Are there problems that seem intractable to you? Poverty here or abroad? Disease? An unsatisfying job or the lack of a job? A challenging relationship? A bad habit? A person who drives you crazy? Or one who makes you despair of all hope? Peter says there is no such thing as an intractable problem.
This Gospel lesson is called the Confession of Peter. Most of the time when this confession is spoken about, the spotlight is on the word “Messiah,” what that might have meant to Peter, and what it can mean to us. But there is another word in this confession that deserves focus: the word “living.” Peter claims to know a God who is not only powerful, but active and involved. The Dictionary I consulted defines “alive” to mean, “being in force or operation, sensitive, animated.” Peter knew a God who is in touch with events and responds to them.
Peter did not invent this living God. He inherited this understanding from his Hebrew roots. But what Peter learned as a child was not as important as what he himself experienced walking and living with Jesus. In Jesus, he saw God active and responsive in his time and place. He saw Jesus bind demons that were causing despair to the suffering. He saw Jesus loose hope for people who had become hopeless because of their own regrets or society’s harsh judgments. These are the powers to bind and loose that Jesus sought to pass on to Peter (and two chapters later will pass on to all the disciples, including us: the powers to bind despair and loose hope). Most importantly, Peter experienced Jesus binding despair and loosing hope in Peter himself, when his own doubts left him falling into the Sea of Galilee in our Gospel lesson just two weeks ago. Jesus’ hand reached out to Peter, reached out to Peter in his despair over his own frailties, reached out and lifted him up with God’s steadfast offer of love. Peter wants us to know that the living God is still offering us that hand, offering to pull us up out of despair and into hope around all the issues of our lives that cause pain. With such a living God in the picture, there is no such thing as an intractable problem. That is Peter’s testimony. How should that affect our day-to-day lives?

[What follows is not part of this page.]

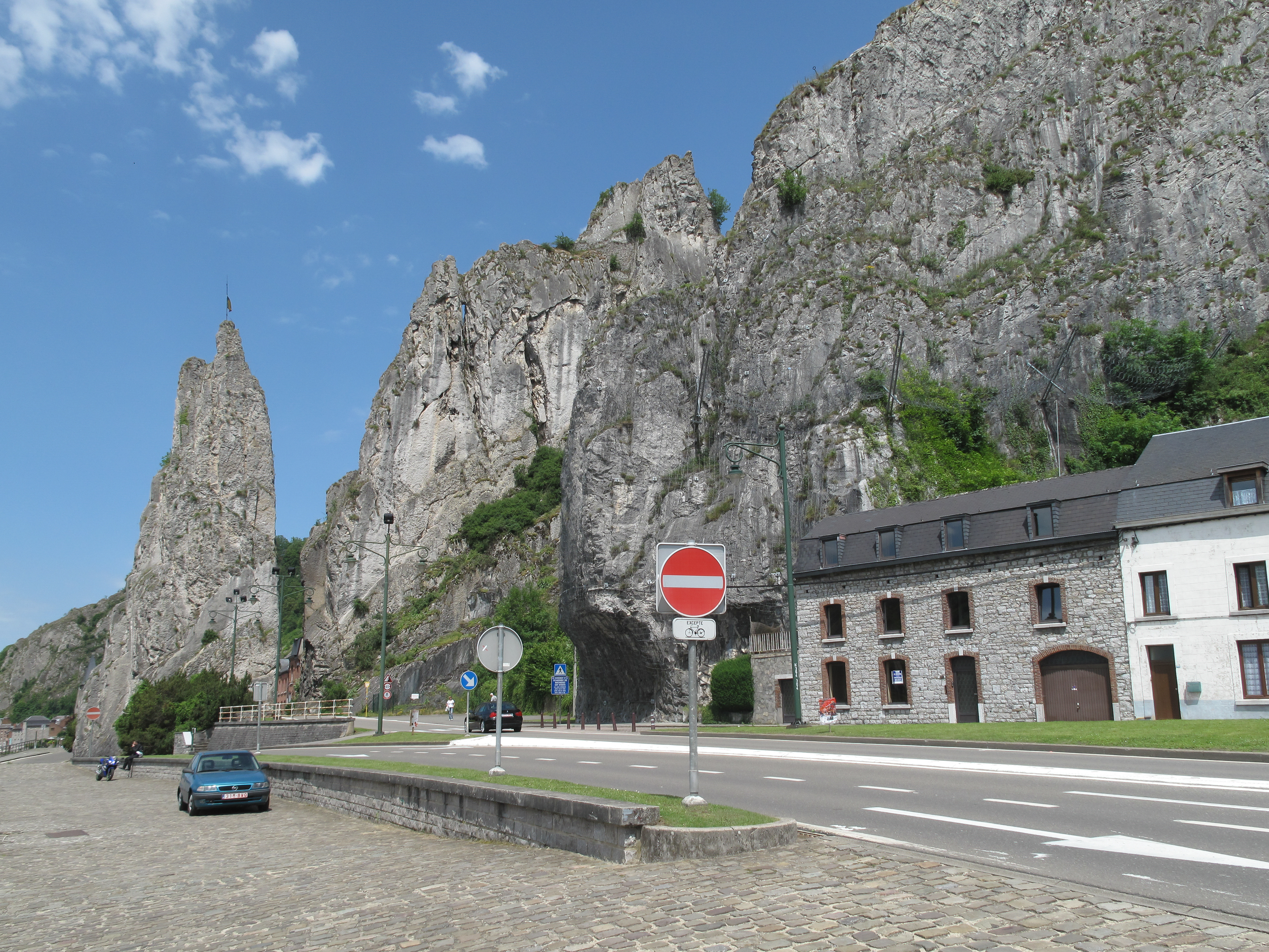 Dinant, the rock: le rocher Bayard

I recently got back from a beach vacation with family. Needing a quick lunch one day en route to fishing, we took my grand niece and grand nephew to a favorite chain restaurant. Not wishing to promote any particular chain, I won’t mention the name; we’ll just call it a McRestaurant. They loved it. They loved ordering familiar, favorite food that was just like what they eat at home 3,000 miles away. When we got ready to leave, they said, “Can we come back here again tomorrow?” I said, “I’m sure we’ll have another occasion during the week to visit another McRestaurant.” They both chimed in one after the other, “No! We want to eat at this exact place. And we want to eat at this exact time! And we want to sit in this exact booth! And we want to order these exact meals!” They were taking a human trait we all share to the extreme. We want security. Things feel most secure if they are exactly the same. Something in us prefers known imperfections to the insecurity of the unknown. This ignores the basic reality that “better” is necessarily “different,” and the Kingdom of heaven cannot further unfold without change.
The God Peter knew, our living God, is not willing to leave bad enough alone. Everything that is alive changes, and our living God is in the change business. With the loving force behind all life in the change business, there can be no such thing as an intractable problem. Let me say that again: With the loving force behind all life in the change business, there can be no such thing as an intractable problem. That is the core of Peter’s confession, and as his successors, our first job must be to proclaim this truth, to bind despair and loose hope on every front of concern to humankind. Peter’s promise does not mean that every story will end with the ending we would like to write. But it does mean that God is in every story, striving to draw us and others to the joy and peace that is God’s desire for every human being, striving to bring the Kingdom of Heaven to earth.
So here is the affect on our day-to-day lives Peter proposes: He proposes that we pray for change every single day, around every issue of concern to us, in every moment that challenges us. He encourages us to pray for change, trusting the presence and activity of the living God.
This past week, we conducted the first of two focus groups with randomly selected midtown residents, hoping to learn more about how we can serve the needs of people in our context. You will be hearing more about that along the way, but one result is worth sharing here. To a person, everyone said they would be drawn to a church that is involved in serving those most in need. The world is crying for our leadership in tackling the problems that seem intractable. The world needs us to act upon our first vocation of binding despair and loosing hope. Every Sunday, we say words through which we offer to be part of God’s work toward change for the better. We pray, “Thy will be done, thy kingdom come, on earth as it is in Heaven.” May we pray those words with ever deeper meaning this day. May the prayer of our hearts be: “Thy kingdom come. Bring it on!!!”